Cosa farai quando ti sentirai pronta per abbandonare il campo di calcio?

“Lo sport non ti lascia tempo per altro e mi sono sempre dedicata anima e corpo al calcio, ho sempre pensato: “Ci sarà tempo per pensare al lavoro, quando smetto di giocare, il primo lavoro che trovo, me lo faccio piacere.” Tuttavia, adesso la situazione è cambiata, non solo per la crisi lavorativa nella quale il nostro Paese imperversa, ma anche perché in me è maturata la consapevolezza che, dopo 22 anni di calcio, concepirmi relegata per 8 ore dietro alla scrivania di un un ufficio, mi porterebbe all’esaurimento nervoso nel giro di un mese! Ragion per cui, intendo ricercare la soluzione capace di farmi star bene, economicamente, ma anche sotto il profilo emotivo e mentale, ovvero vorrei investire in un progetto che mi aiutai anche a vivere in maniera diversa l’idea di smettere di giocare a calcio. Quest’anno, voglio gettare le basi per costruire il mio futuro: vorrei aprire una scuola calcio diversa dalle solite, ragion per cui, intendo iscrivermi ad un’università on line, senza dubbio meno vincolante, e laurearmi in Psicologia dello sport, in un anno e mezzo dovrei riuscire a terminare gli studi. Non intendo diventare allenatrice, adoro i bambini e voglio aiutarli a crescere ed insegnargli a giocare a calcio. Per riuscire in questo compito, parto dal presupposto che l’aspetto umano è importante tanto quanto quello tecnico. I “Messi e Maradona”, che nascono con i piedi buoni, sono soggetti naturalmente predisposti verso la pratica di questo sport, ma esistono anche giocatori diversi, sui quali puoi lavorare che, se muniti di tanta volontà e testardaggine, possono affinare il loro approccio e, con quest’ultimo, il loro modo di giocare. Nelle “classiche” scuole calcio, tutto è circoscritto allo sterile e standard insegnamento dei fondamentali tecnici, del dribbling piuttosto che dello stop, insegnare ad un soggetto l’approccio mentale ottimale con il quale predisporsi alla pratica di questo sport è quello che manca in tutte le realtà calcistiche. Per me il calcio è altro: il 70% è costituito dalla testa e il restante 30% da altro. Questo spiega perché, quando un calciatore sente tanto la partita, si rende protagonista di performance scadenti. Quando Giampiero mi propose di aprire una scuola calcio a mio nome, risi, perché mi vedevo ancora troppo calciatrice, non riuscivo ad accettare l’idea di concepirmi fuori dal campo e replicavo: “Ci sarà tempo!” Adesso il tempo è arrivato e devo decidere cosa fare da grande, ma non voglio rimpianti.”
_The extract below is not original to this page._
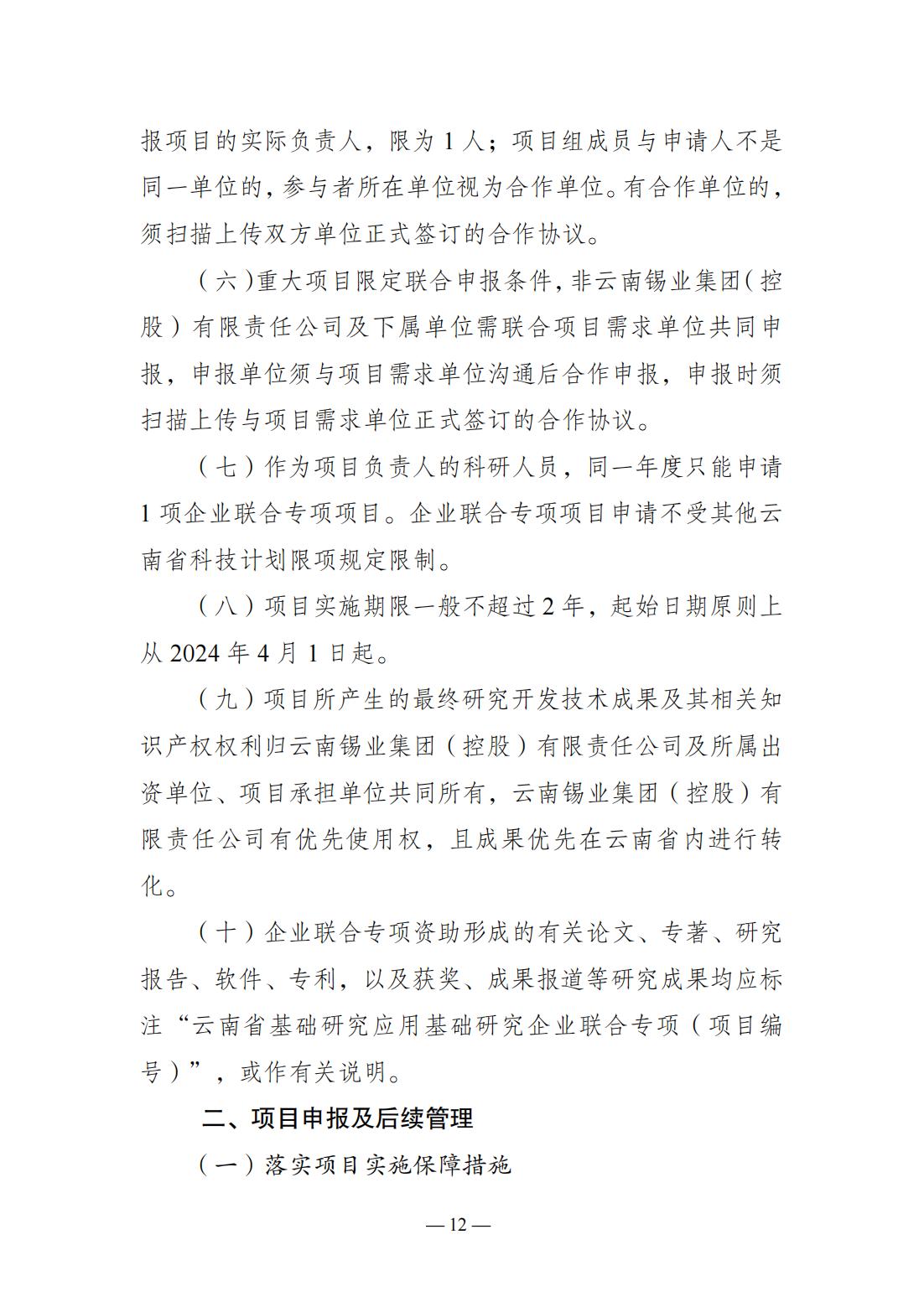 關于發布云南省科學技術廳 云南錫業集團(控股)有限責任公司基礎研究應用基礎研究企業聯合專項2024年度項目申報指南的通知

Cosa vuoi dire agli appassionati di questo sport che ancora non vi seguono?

“Napoli è una città calorosa che vive di calcio. Domenica sera siamo state allo stadio ad assistere alla partita contro l’Inter e la gente ci ha riconosciute, questo dimostra che i napoletani sanno che esistiamo, ci “conoscono”, ma non ci “riconoscono”, un pò come quelli che credono in Dio ma non vanno in chiesa! Devono solo trovare la voglia e la motivazione per abbandonare lo scetticismo e venire, almeno una volta, ad assistere ad una nostra partita, dopodiché o vanno via o si appassionano. tuttavia, il modo in cui vivono il calcio i napoletani, mi fa propendere per la seconda soluzione.”